Den Bombenangriff auf Rehme („Ich war gerade bei der Wäsche im Keller. Plötzlich gab es einen Knall und schon war draußen alles Schwarz.“) und die Bomben auf die Weserhütte erlebte Irmgard Hübner aus nächster Nähe mit. „Meine Mutter ist aufgrund des Karfreitags nicht zur Arbeit im Speisesaal gegangen“, erinnert sich Hübner. Dort habe sie geputzt. Und dort schlug auch eine der vielen Bomben ein.
Anfang April dann der Einmarsch der Amerikaner. „Sie haben auf dem Zubringer Rast gemacht und durften offenbar nicht in die Häuser.“ Abends im Dunkeln seien die amerikanischen Soldaten dann aber doch gekommen. „Die suchten Schnaps“, erinnert sich Hübner. Und den musste der Opa zuerst probieren. Als Sicherheit, dass er nicht vergiftet ist. „Später lagen die Flaschen dann an der Böschung des Zubringers.“ Denn statt Schnaps hatten die Amerikaner Himbeersaft erwischt. „Und der war richtig süß.“ Interesse am Haus der Familie Sielemann, in der Nähe der Rehmer Kirche, hatten die Soldaten nicht. „Wir hatten kein Leistungswasser – nur eine Pumpe.“
Später dann, als die Engländer die Kurstadt besetzt hatten, wurde Irmgard Hübner für den Putzdienst bei den Alliierten eingesetzt. „Treffpunkt war bei Krutemeier, die Villa zwischen Ford Meyer und Lingemann. Wir wurden auf einen Lkw geladen, in den Kurpark gebracht und eingeteilt“, erzählt die 90-Jährige. Geputzt habe sie in erster Linie in den beschlagnahmten Häusern. Kurze Zeit später dann wechselte die junge Irmgard zum Spüldienst in der Offiziersmesse an der Moltkestraße. „Dort gab’s gutes Essen – bis auf den Porridge. Den mochte ich nicht“, erinnert sie sich und verzieht ein bisschen das Gesicht.

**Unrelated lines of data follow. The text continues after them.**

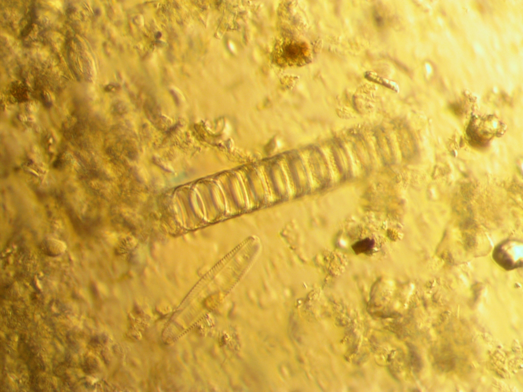 Daneben waren  viele, kleine Bruchstücke von Diatomeen-Schalen unterschiedlichster Art vorhanden. Offensichtlich werden diese sehr schnell in der oberen Watt-Schlick-Schicht von grobem Sediment zermahlen.
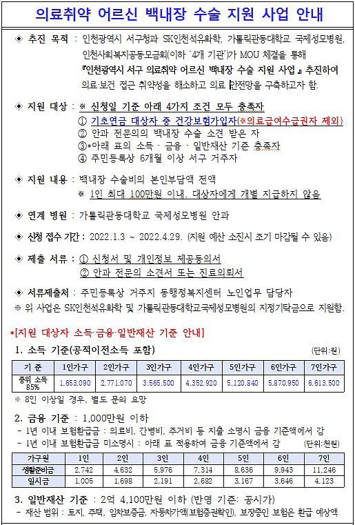 의료취약 어르신 백내장 수술 지원 사업 신청 안내
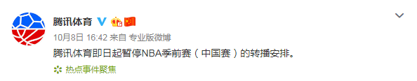 此后,腾讯体育方面也发布声明称,即日起暂停NBA季前赛(中国赛)的转播安排。
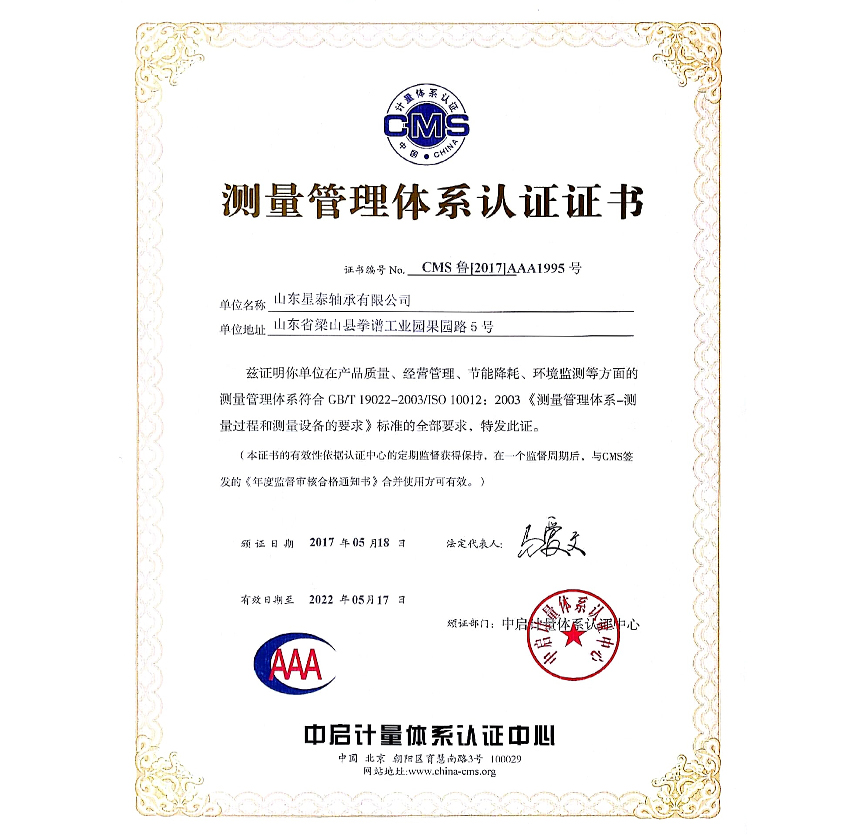 測量(liàng)管理體系認證證(zheng)書

Ein Erlebnis aber ist Irmgard Hübner besonders in Erinnerung geblieben: „In Porta gab’s Zucker“, erzählt sie. „Da haben wir uns von Diekmanns Karl per Fähre über die Weser setzen lassen.“ Doch als Irmgard und ihre Schwester zurück wollten, war die Fähre zerstört. Durch die Engländer. Wie jetzt nach Hause kommen? Schließlich war ja auch die Weserbrücke kaputt geschossen. „In der Höhe von Gut Deesberg hat uns dann jemand geholfen.“ Und die beiden Frauen kamen doch noch mit dem Zucker Zuhause an.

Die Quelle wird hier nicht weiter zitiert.